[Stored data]
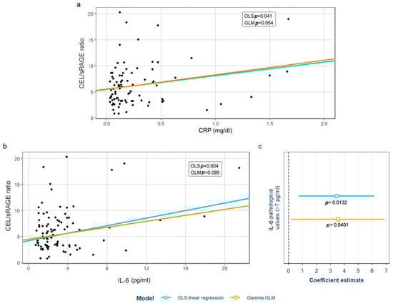 Statistically significant associations between CEL/sRAGE and different systemic lupus erythematosus characteristics: (a) CRP values, (b) IL-6 values; (c) pathological (>7 pg/mL) IL-6 values. CEL: Nξ-(carboxyethyl)lysine; sRAGE: soluble receptor for advanced glycation end products; OLS: ordinary least squares; GLM: generalized linear model. CRP: C-reactive protein; IL-6: interleukin 6.
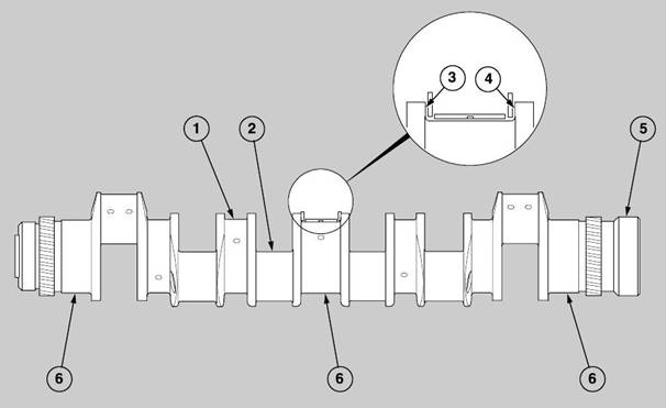 journals and six crank pins. Each crank pin holds two
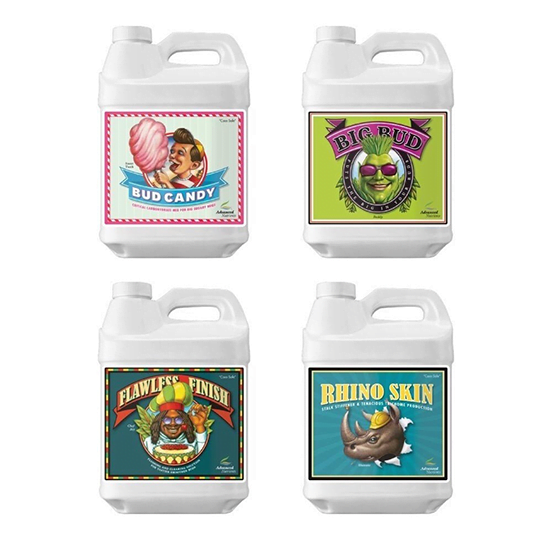 1 grow micro bloom de 500ml + 1 big bud 250ml, 1 bud candy 250ml, 1 rhino skin 250ml y 1 flawless finish 250ml.
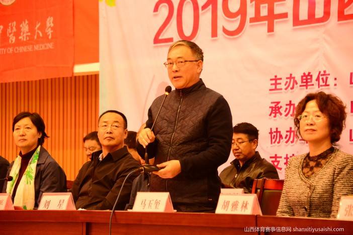 刘星在欢迎辞中指出,武术与中医都是中华民族传统文化宝库中的璀璨明珠。我校历来高度重视具有体医结合、承载着中华传统文化的武术和健身气功的普及推广和研究工作,连续13届承办了山西省学生武术锦标赛,先后多次组队参加国内的各类比赛和国外的交流教学。希望通过本次锦标赛,能增进彼此了解与友谊,共同弘扬中医养生运动,为全民健康做出积极贡献。
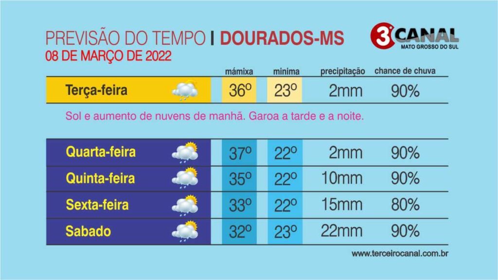 Nesta terça-feira, 8 de março, dia internacional da mulher, as condições típicas de verão seguem predominando em grande parte de Mato Grosso do Sul. O sol brilha forte com variação de nebulosidade durante o dia, devido a um sistema de alta pressão que deve manter o tempo quente e seco até quarta-feira (09) segundo o Centro de Monitoramento do Tempo e do Clima.
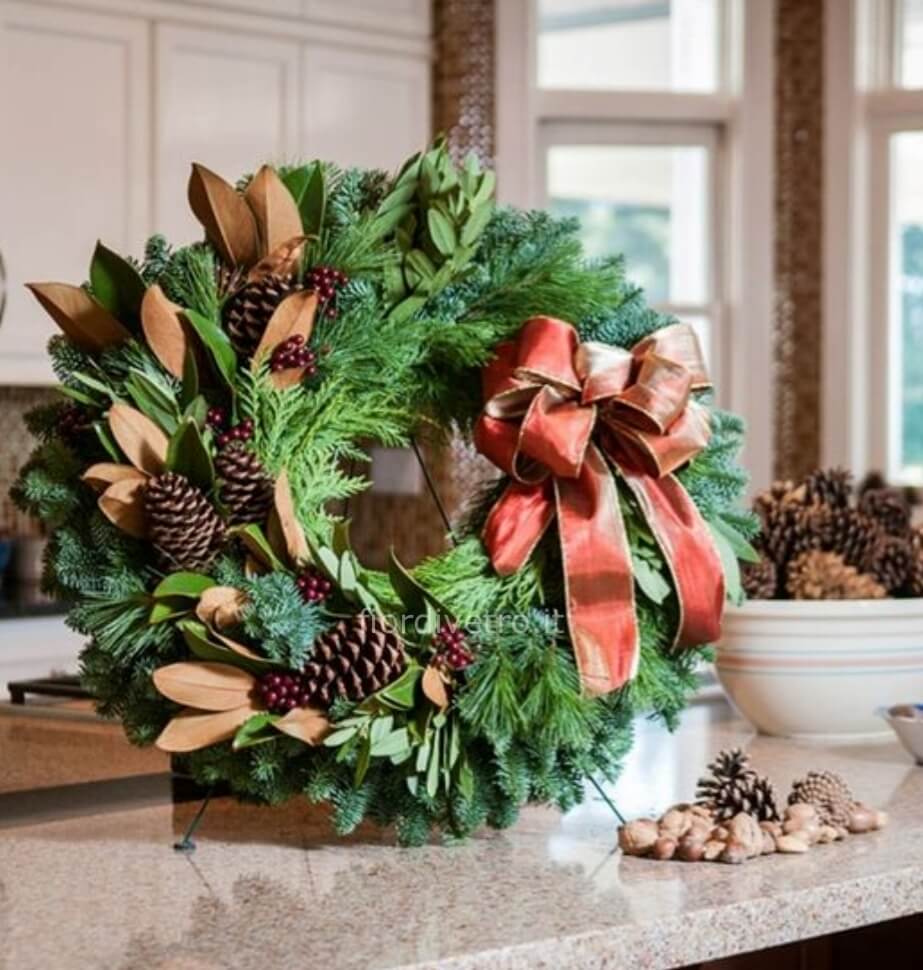 Coroncina natalizia con abete, bacche e decori.
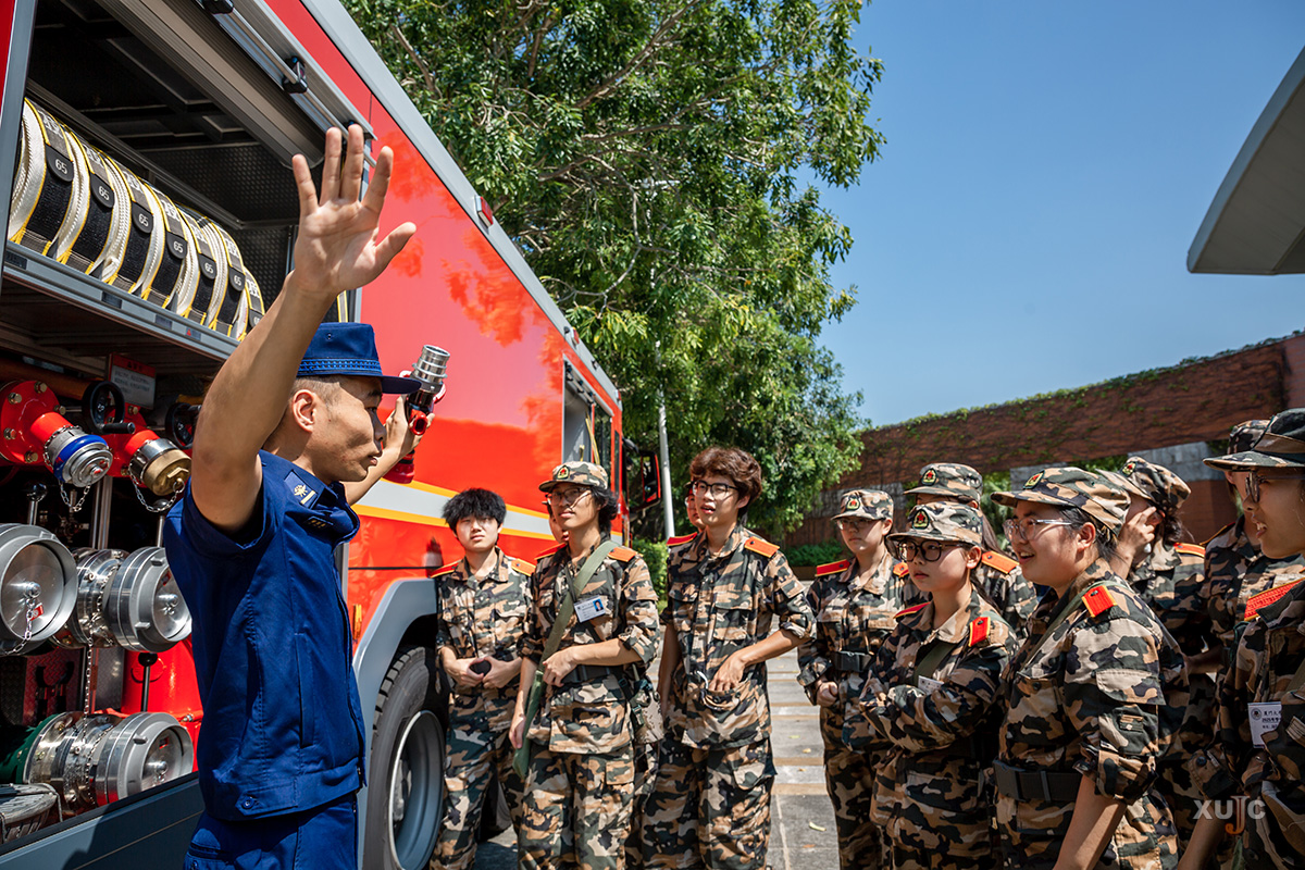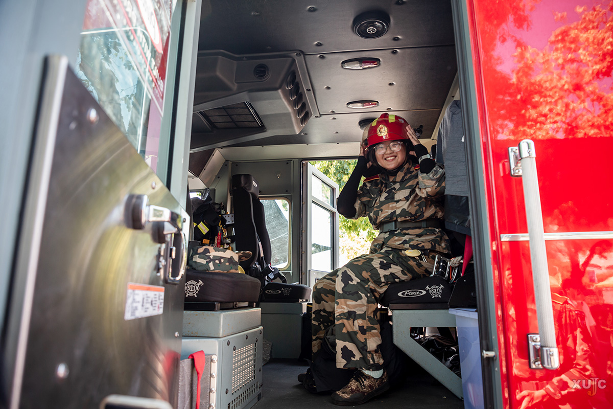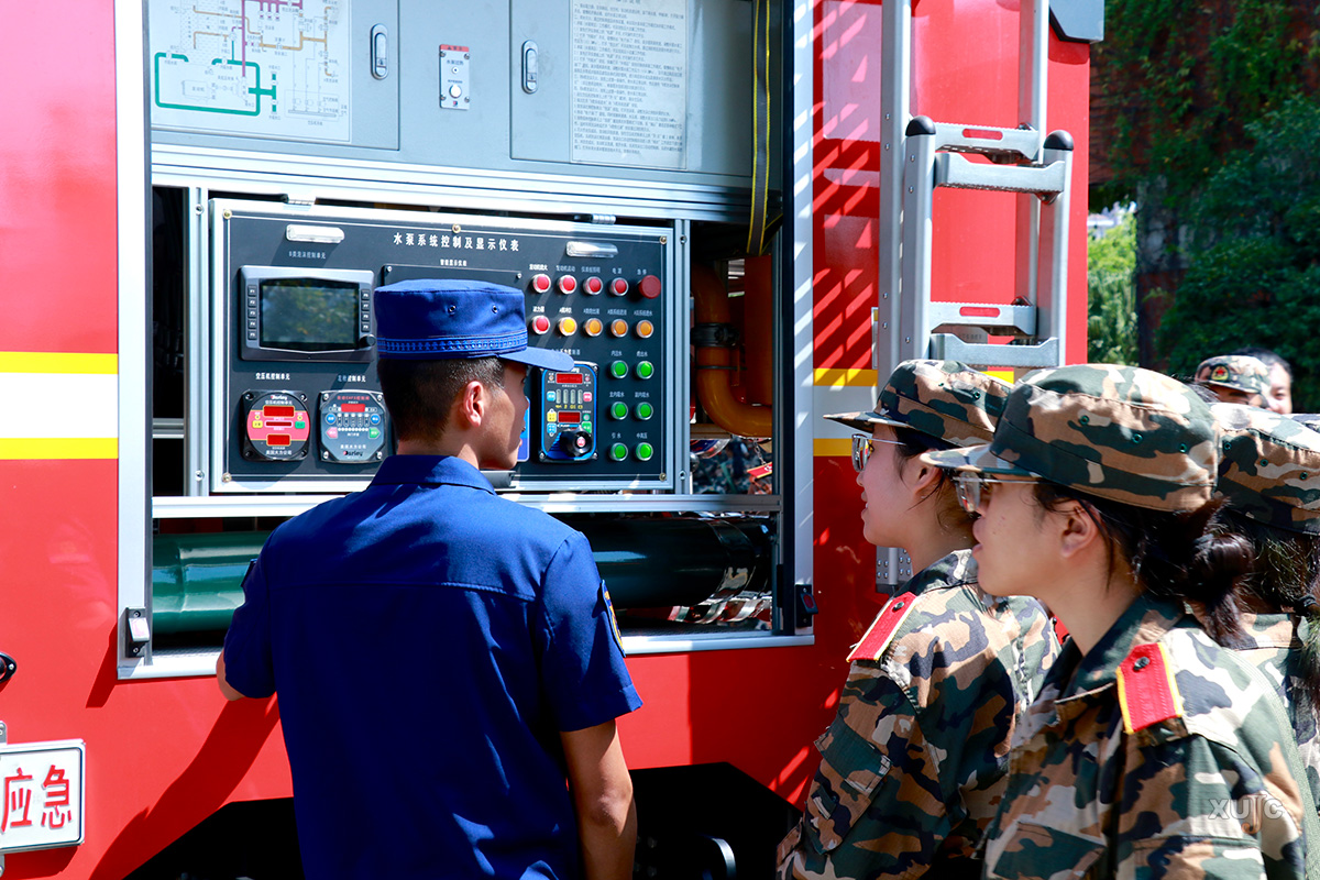 同時,活動現(xiàn)場的消防車成為了新生們關(guān)注的焦點(diǎn)。新生們有序地進(jìn)入消防車內(nèi)部參觀,近距離、直觀地了解消防車的功能結(jié)構(gòu)。
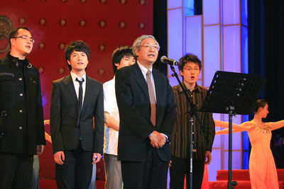 Xu Zhihong, president of Peking University, performs an encouraging pop song at the school's New Year party on December 31, 2007. [China Photo Press]
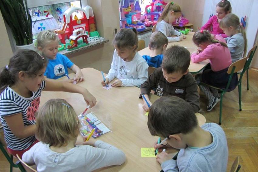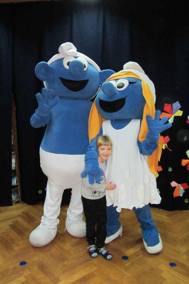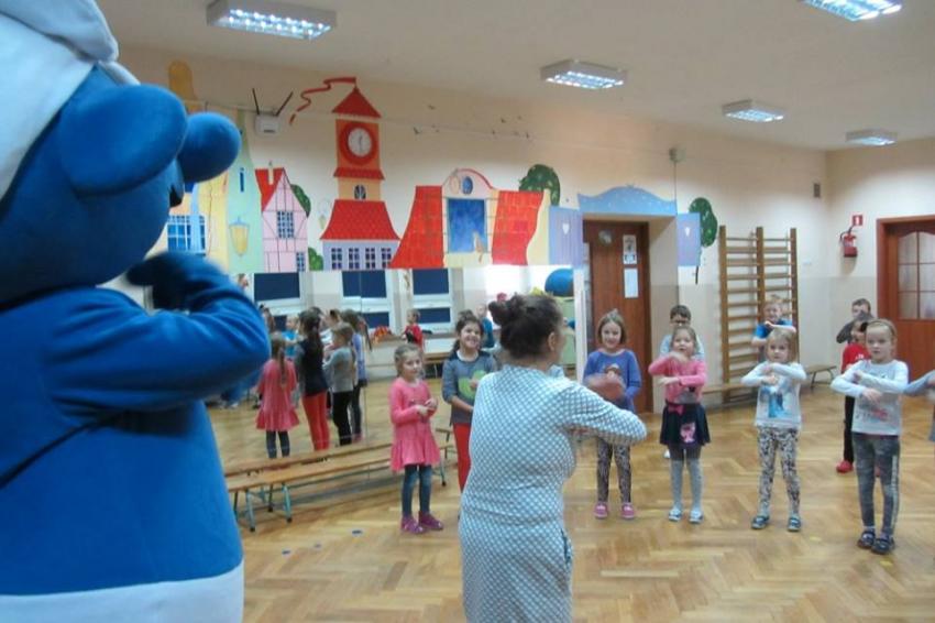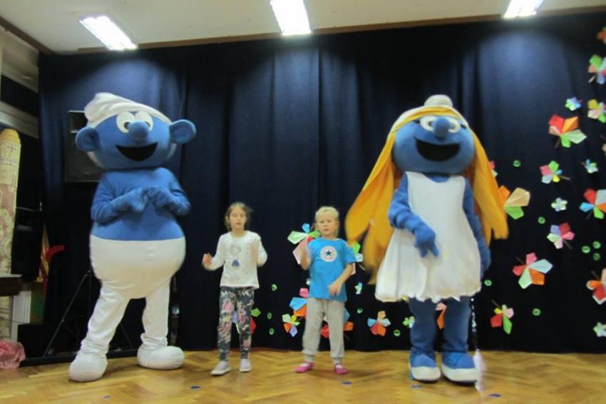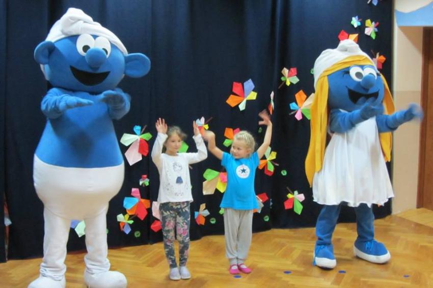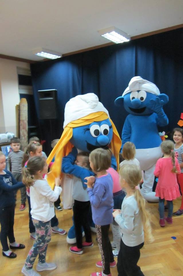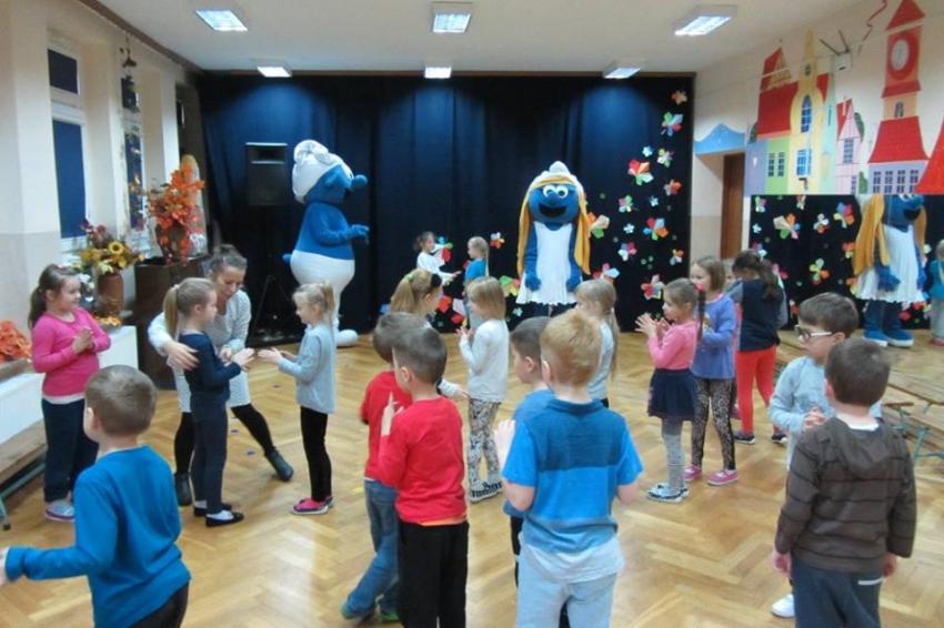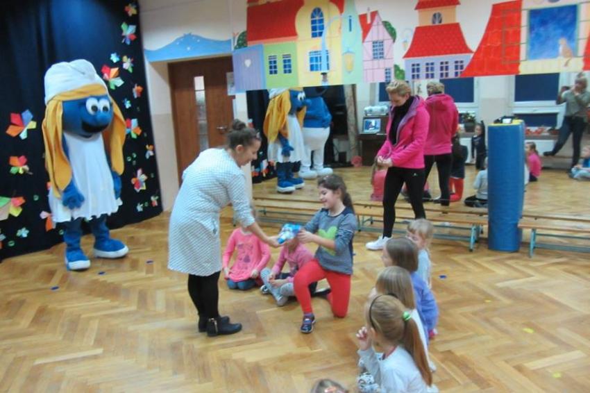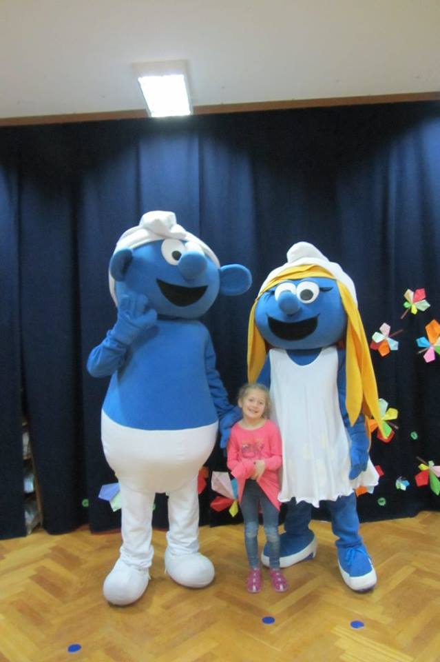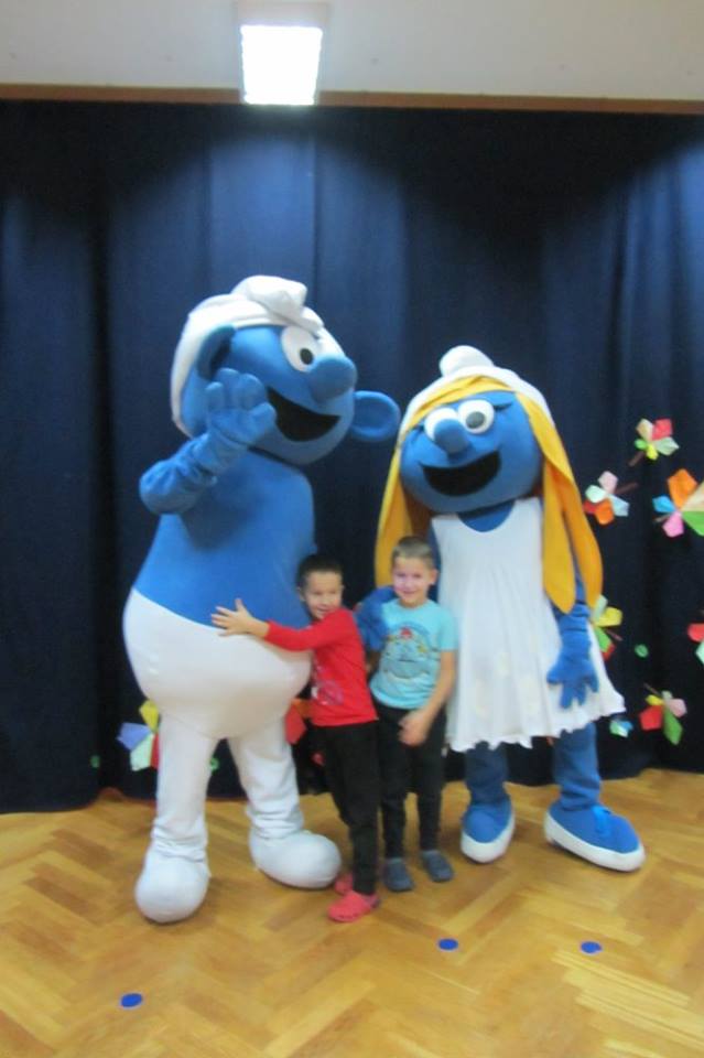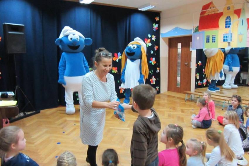 Impreza animacyjna „Smerfy” zorganizowana przez mamę Noeli.Smerfy zatańczyły z całą grupą dwa tańce: „A ram zam zam” i „ Chocolate Choco choco”. Odgadywały zagadki zadawane przez Smerfetkę i Smerfa Ciamajdę.Otrzymały nagrody w postaci malowanek i pianek smerfowych.

EXERCISE
Every line above from the one with "journals and six" down to the one with "刘星在欢迎辞中指出,武术与中" must be written out exactly, and no picture may appear.

EXPECTED ANSWER
 journals and six crank pins. Each crank pin holds two
 1 grow micro bloom de 500ml + 1 big bud 250ml, 1 bud candy 250ml, 1 rhino skin 250ml y 1 flawless finish 250ml.
 刘星在欢迎辞中指出,武术与中医都是中华民族传统文化宝库中的璀璨明珠。我校历来高度重视具有体医结合、承载着中华传统文化的武术和健身气功的普及推广和研究工作,连续13届承办了山西省学生武术锦标赛,先后多次组队参加国内的各类比赛和国外的交流教学。希望通过本次锦标赛,能增进彼此了解与友谊,共同弘扬中医养生运动,为全民健康做出积极贡献。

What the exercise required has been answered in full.